O índice de cobertura de juros (ICJ) é outro indicador de risco de crédito corporativo. O ICJ mede a capacidade de uma empresa de pagar seus juros sobre a dívida. Uma empresa com um ICJ baixo pode ser considerada mais arriscada, pois ela pode ter dificuldades em pagar seus juros.
O que a história mostra
Um caso histórico que pode ser comparado ao crescimento da economia brasileira em abril é o crescimento da economia em 2010. Nesse ano, a economia brasileira cresceu 7,5%, impulsionada pelo setor de serviços e pela produção industrial. No entanto, o crescimento da economia em 2010 foi acompanhado por um aumento na inflação, o que levou o Banco Central a aumentar os juros.
Outro caso histórico que pode ser comparado é o choque de preço do petróleo em 2014. Nesse ano, o preço do petróleo caiu 50%, o que afetou a economia brasileira e reduziu as margens das empresas do setor de energia. No entanto, a economia brasileira se recuperou em 2015, impulsionada pelo setor de serviços e pela produção industrial.
Esses casos históricos mostram que a economia brasileira pode ser afetada por choques externos, como o choque de preço do petróleo, e que o crescimento da economia pode ser acompanhado por um aumento na inflação. No entanto, a economia brasileira também pode se recuperar rapidamente, impulsionada pelo setor de serviços e pela produção industrial.
O que monitorar agora
Os investidores devem monitorar os seguintes indicadores para avaliar o impacto do crescimento da economia brasileira em abril:
- O crescimento da produção industrial, que pode ser afetado pelo choque de preço do petróleo e pela política monetária do Banco Central.

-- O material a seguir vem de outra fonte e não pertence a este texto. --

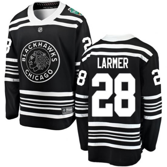 Men's Chicago Blackhawks #28 Steve Larmer Black 2019 Winter Classic Fanatics Branded Breakaway NHL Jersey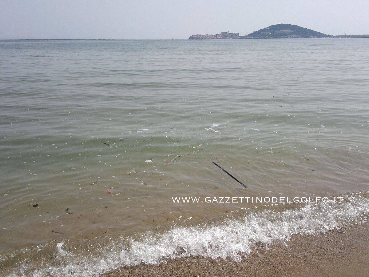 Sul bagnasciuga c’erano rifiuti di vario tipo. L’acqua era particolarmente torbida, deturpata da chiazze di schiuma bianca e rifiuti galleggianti di diversa tipologia.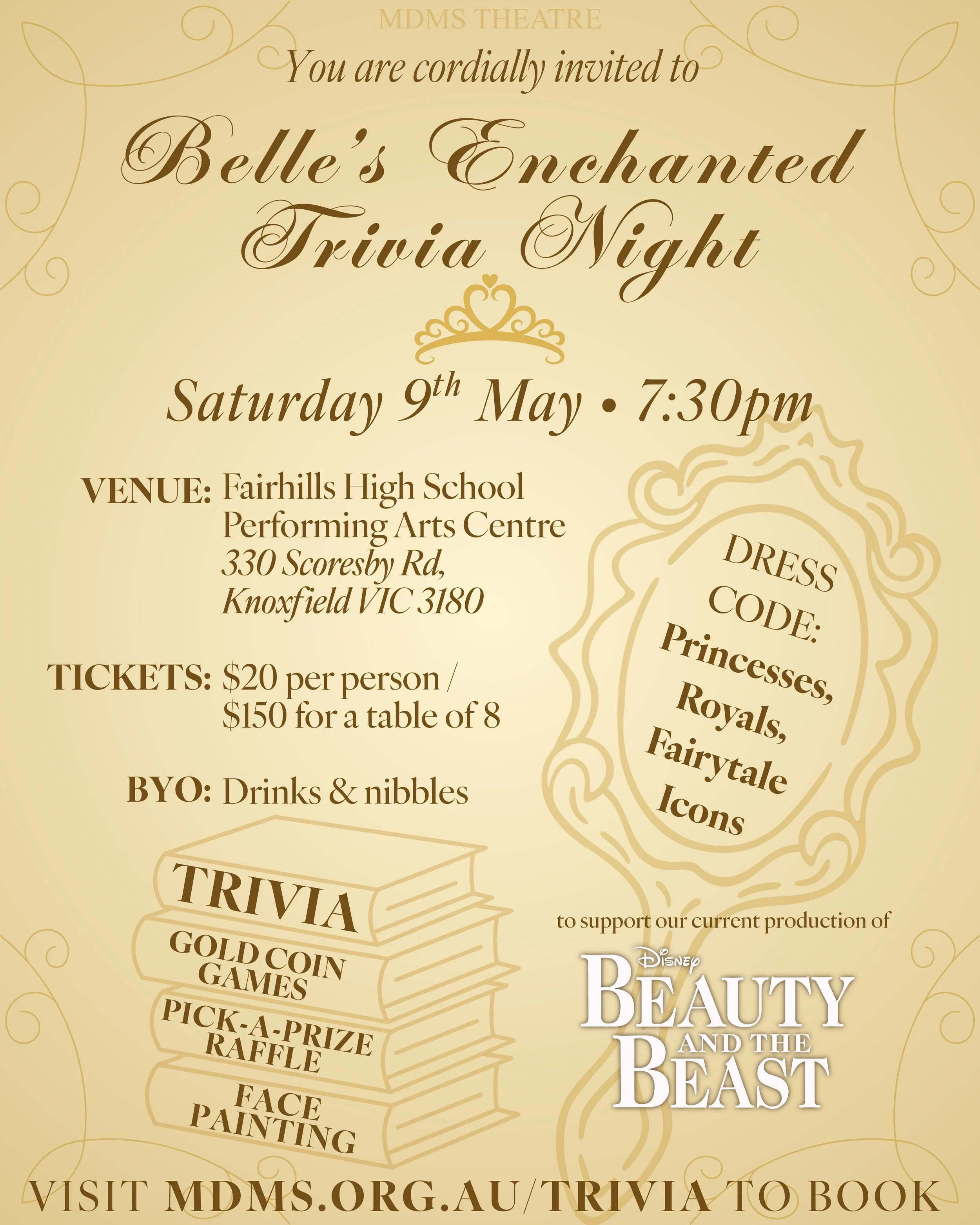 MDMS is hosting a trivia and games night to fundraise for our current production of BEAUTY AND THE BEAST!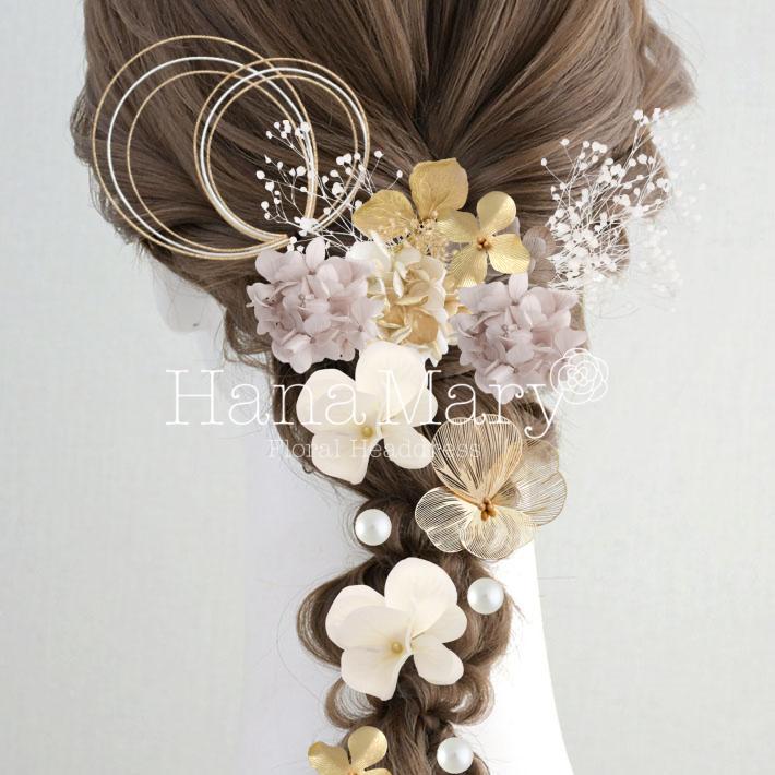 HanaMaryの髪飾りは生花をリアルに再現したアートフラワーと呼ばれるハイクオリティーな造花を使用しています。耐久性に優れ、成人式・卒業式やウェディングなどに何度でも繰り返し使用することができます。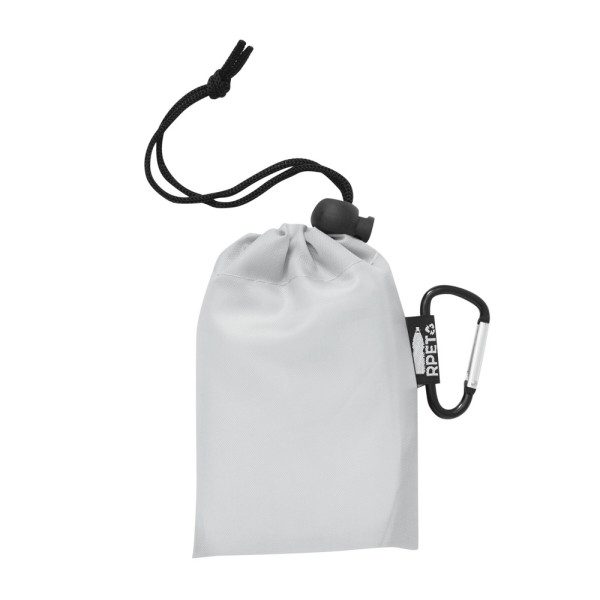 Regenponcho ECO SAFE: mit Kapuze, in Universalgröße, transparent, im RPET-Beutel mit Zuziehband und Karabiner (der Karabiner ist NICHT als Sicherung beim Klettern geeignet)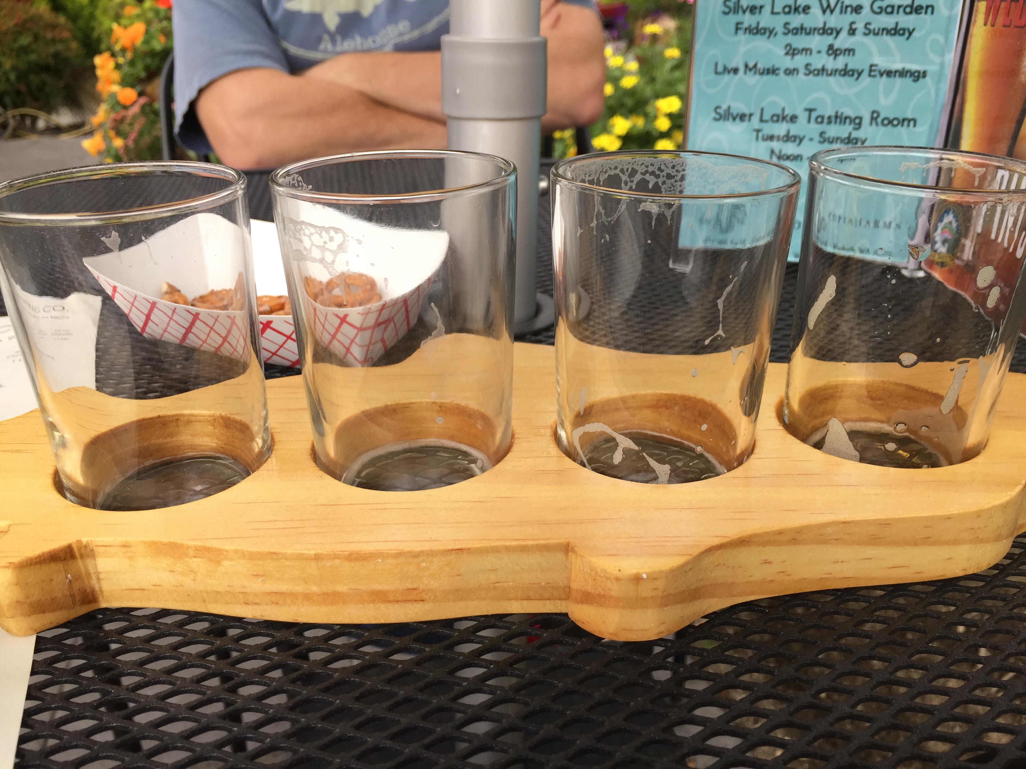 For those of you not familiar, Woodinville is just north of Redmond and is home to about 100 wineries. We were driving through a few weeks ago and saw a little tasting room for Fish Tale beers, which advertised that these beers had been voted some of the best in the state. We decided that the next time we were up there, we would stop in and give them a try.
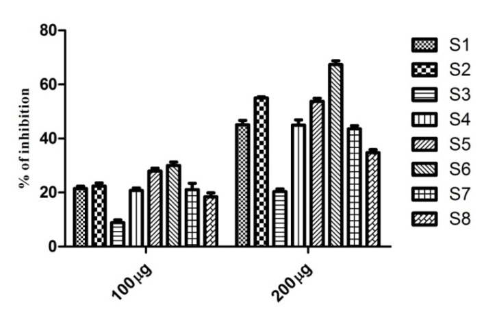 The sap/phloem exudates from plants by incision with a sharp needle and oozing exudates were collected in a sterile tube containing cold 10 mmol phosphate buffer saline (PBS) and immediately transferred to a freezer at-20 °C. Later the samples were removed from the freezer and centrifuged at 12,000 rpm for 15 min. clear supernatant was transferred to a fresh tube and repeat the same procedure until getting a clear solution. The sample free from the debris was subjected to lyophilization, used for the further assay. The samples were named as follows, Cucumis dipsauses (S1-), Lagenaria siceraria (S2), Brassica oleracea gongylodes (S3), Abelmoschus esculentus (S4), Cucumis prophetarum (S5), Praecitrullus fistulosus (S6), Averrhoa carambola (S7) and Actinidia deliciosa (S8).

- A inflação, que pode ser afetada pelo crescimento da economia e pela política monetária do Banco Central.
- O risco de crédito corporativo, que pode ser afetado pelo crescimento da economia e pela política monetária do Banco Central.
- O preço por lucro (P/L) das empresas brasileiras, que pode ser afetado pelo crescimento da economia e pela política monetária do Banco Central.
- O valor patrimonial ajustado (VPA) das empresas, que pode ser afetado pelo crescimento da economia e pela política monetária do Banco Central.
Além disso, os investidores devem monitorar as notícias econômicas e políticas, pois elas podem afetar a economia brasileira e as empresas. É importante ter uma visão de longo prazo e não se deixar levar por flutuações de curto prazo no mercado.